Обрывки предыдущего вечера пронеслись у меня в памяти: приглушенный свет в квартире МакДары, вся та еда, вино, которое все еще гоняло похмелье по моим венам. Я попытался воскресить в памяти лица тех, кто сидел с другого края стола. То, которое я видел сейчас, при ярком освещении ламп «Марин Айсез», казалось незнакомым. Потом мне показалось, будто я вспомнил, что видел ее в коридоре, хотя полной уверенности не было. Какой же я ограниченный и тупой придурок, подумал я. Живу в замкнутом и косном мирке, который обустроил за несколько лет сидения на одном месте, и даже не думаю о том, чтобы познакомиться с кем-то новым. Хотя, когда я только переехал в Лондон, я чувствовал себя очень одиноким.
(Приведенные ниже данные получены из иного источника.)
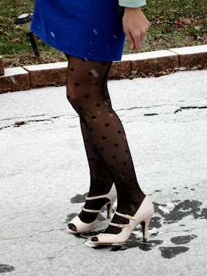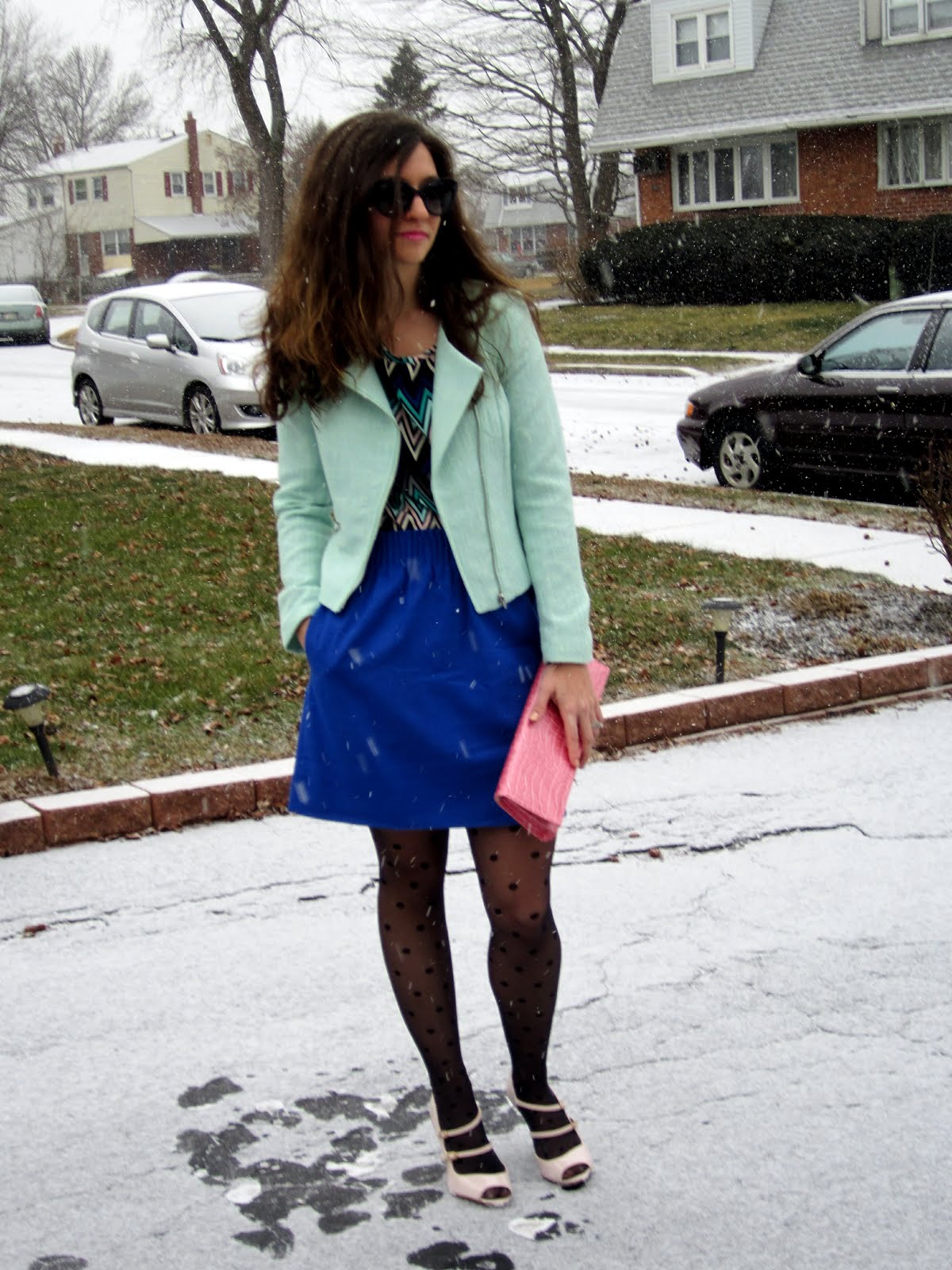 I’ll admit that this is not something I would normally wear on a snowy day… but I didn’t realize that it had started snowing until I was already dressed. I did have to change out of these heels to go to dinner (I swapped them for my black Uggs… a much better decision for the snow-covered ground). This jacket is new from H&M. I love the mint color and the fact that it goes with pretty much everything even though it’s not technically a neutral color. I’ve also been wearing a lot of cobalt lately… another one of my recent color obsessions 🙂

У меня заиграла совесть, мне захотелось извиниться перед этой замкнутой девушкой, которая сидела за столиком одна, вспомнила меня и подошла поздороваться.

— Сильвия, — повторил я.

— Ты меня не запомнил, — тихо и спокойно произнесла она, но на лице мелькнула улыбка. — Так ведь?

Ее голос цеплял, была в нем какая-то легкая приятная необычность, которая никак не сочеталась с его спокойствием. Она бросила на меня быстрый взгляд.

— О, я…

— Не важно, — невозмутимо сказала она. Посмотрела на книгу, которую оставила на своем столике. Меня поразило, что в предрождественский вечер она сидела в кафе одна. Ее раскрытая книга лежала рядом с одиноким стаканом воды, страницам не давала закрыться миска с недоеденной пастой. Глядя на нее, я понял, что она, должно быть, недавно в Лондоне (серьезный внимательный взгляд, сдержанность, аскетический дизайн одежды), или у нее мало опыта общения, или она просто одинока. На вид она была очень молода. Ее неприметность граничила с невидимостью.

— Мне нужно… кое-что прочитать, — сказала она, проследив за моим взглядом. У нее был легкий акцент, что-то не поддающееся определению, не английское. — То есть я должна это прочитать, — просто сказала она. — До завтра.

Улыбнулась.

— Завтра же Рождество, — удивился я.